О чем я успею подумать в последнюю минуту?
Не знаю.
Вероятно о тебе, о твоей бедной матери.
Больше всего на свете я любил тебя, несчастливую нашу родину, музыку Рахманинова. И еще… русскую литературу, единственную в мире.
Будь честен, будь добр, не будь равнодушен.
Умей любить. Умей ненавидеть.
Я ухожу слишком рано, и не по своей воле.
Может быть, по воле Божьей.
Я обрел Его поздно, но теперь уже навсегда.
Смерти я не страшусь, но боюсь страданий.
Да будет над тобой милость Божья.
И еще: говорю тебе последнюю правду, я люблю жизнь, люблю, люблю! Выхода нет. Жизнь будет отнята. Но с тобой я буду вечно, каждый миг и везде.
В чемодане, в гостинице на Boulevard Murat, находится моя рукопись. Повесть? Роман?.. Я работал над ним много лет. Перешли его в Нью-Йорк, графине Толстой. Хотелось бы кое-что изменить, переделать. Но теперь уже поздно. Пусть напечатают так, как есть.
Возьми на память мои часы. И обручальное кольцо.
Не забывай меня, никогда не забывай, это очень важно — помнить, помнить, всегда, всем, друг друга помнить!»
На следующее утро, во дворе казармы Монруж, в числе девяноста заложников, Илья Британ был расстрелян.
Ни рукописи, ни сына так никогда и не нашли.
Предсмертное письмо, часы, и обручальное кольцо дежурный немецкий офицер вручил госпоже Г., вызванной после казни в военную тюрьму — расписаться в получении сообщения о смерти Британа.
XV
Старожилы говорили, что такого количества снега, как в 1910-м году в ноябре месяце, никто никогда на роду своем не запомнит.
В газетах всё чаще и чаще появлялись тревожные вести из Ясной Поляны.
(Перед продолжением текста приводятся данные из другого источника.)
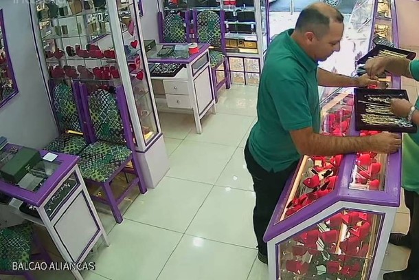 Foram disponibilizados para o autor dois mostruários contendo correntes, anéis e outras peças de ouro. As imagens mostram que, em certo momento, ele disfarça e, num movimento rápido, coloca algumas peças escondidas numa das mãos e depois as transfere para o bolso. Tudo ocorreu em segundos, sem que o proprietário percebesse.

В редакции «Русских ведомостей», со слов Черткова, Булгакова и доктора Душана Петровича Маковицкого, рассказывали трогательные и печальные подробности об уходе Толстого из дому.
Но, конечно, больше и лучше всех было осведомлено «Русское слово».
Недаром неутомимый Конст. Орлов уже больше года мотался взад и вперед между Москвой и маленькой захолустной, но всему миру известной, железнодорожной станцией в Тульской губернии.
Известно было и то, что сам Толстой, с несвойственным ему добродушием, переносил давние и частые наезды своего непрошенного гостя.
Говорили, что, прочитав однажды в газете несколько строк, написанных Орловым о победе знаменитого в те годы «Крепыша», великий старик пришёл в такой восторг и проявил столь несвойственные ему горячность и волнение, что сам вызвал Орлова к себе и так ему глуховатой скороговоркой и заявил:
— Жаль, что вас не было на свете, когда я описывал Царскосельские скачки! У вас есть, чему поучиться…
С той поры Орлов стал своим человеком в небольшом яснополянском окружении.
В первых числах ноября из патетических сообщений Орлова стало известно, что Толстой нашёлся и что лежит он, тяжело больной, на станции Астапово, и квартире давшего ему приют железнодорожного служащего Озолина.
Несколько часов спустя, глухой, утонувший в снегах полустанок Курской железной дороги сделался центром мирового внимания.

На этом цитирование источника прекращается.